Dans une présentation du CETMONS que j’ai en mains, je lis (c’est moi qui traduis) : « La technologie développée dans des buts militaires recèle un potentiel considérable de déstabilisation de tous les systèmes existants, économique, social, militaire, culturel et technologique. Les nouvelles armes et les nouvelles façons de conduire les guerres vont introduire des dilemmes éthiques et apporter de profonds changements à tous les aspects de la société.

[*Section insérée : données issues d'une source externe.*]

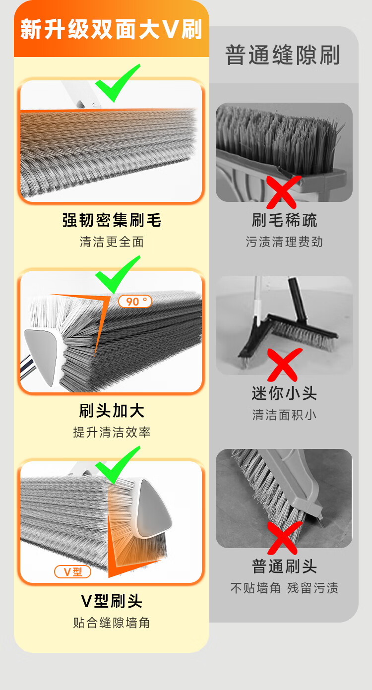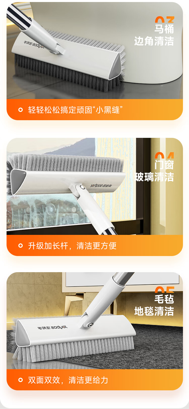 佳帮手 N02-长杆缝隙地刷 JBS-DS-N02-JWT 133cm 佳白(单位:把)
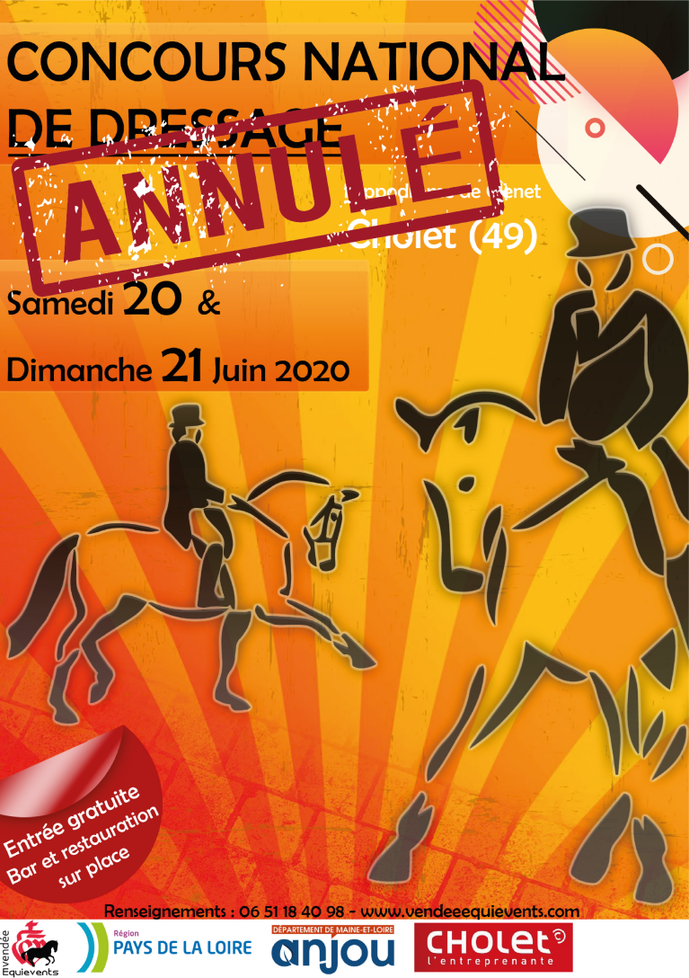 Vendée EquiEvents organise pour la deuxième fois un Concours National de Dressage Amateur, Pro et Club dans le magnifique cadre de l'hippodrome de Clénet à Cholet (49). Plus de 200 dresseurs venant de tout l'Ouest sont attendus pour ce grand week-end de spectacle ! Le dressage est la symbiose entre le cavalier et son destrier, l'entente parfaite est obligatoire pour démontrer les plus belles figures naturelles du cheval ! Venez admirer ce moment sportif et décontractant seul ou en famille, en connaisseur ou en néophyte.

Nous devons comprendre de quoi il s’agit, non simplement dans une vue militaire opérationnelle, mais à cause des implications stratégiques et culturelles. »

 

Penser la guerre pour faire l’Europe

 

On entend en ce moment beaucoup de critiques relatives à l’impuissance de l’Europe face à la crise financière qu’elle traverse. Ce qui m’inquiète beaucoup plus, c’est de voir l’Europe raisonner comme si l’économique était le tout, comme s’il existait par lui-même, et demeurer dans l’indifférence au contexte politique et militaire international et mondial. Plus que jamais, pour situer la politique à son juste niveau, il faut penser la guerre. Autrement, il n’y a pas de Pouvoir.

 

C’est parce que nous ne pensons pas la guerre, et ne pensons pas à la guerre, que nous sommes incapables de dégager un leadership politique européen effectif et que même les questions financières nous semblent insolubles. On ne fait pas confiance à une communauté politique où n’existe pas un véritable Pouvoir légitime. Et si une communauté politique est paralysée par le politiquement correct, elle n’a pas de Pouvoir, elle est aussi impuissante et désarmée qu’ingouvernable. Sans Pouvoir, elle n’inspire pas confiance. Sans confiance, pas de crédit, et sans crédit, pas de monnaie. L’Europe se fera en commençant par repenser la guerre

 

Il est vrai que l'idée de guerre et l'idée de Pouvoir sont politiquement incorrects. Mais rien de ce qui vit n’est viable, s’il n’est pas en mesure de se défendre et de prendre en compte le tragique de l’existence, autour d’un Pouvoir et d’un Commandant en chef. Une démocratie soumise au politiquement correct n’est pas une démocratie durable. Il faut penser la guerre pour faire l’Europe. La monnaie n’est jamais qu’un sous-produit de la puissance. Et dans des esprits très développés, l’impuissance réside entièrement dans la tête. Pour sortir de la crise, il faut sortir du politiquement correct.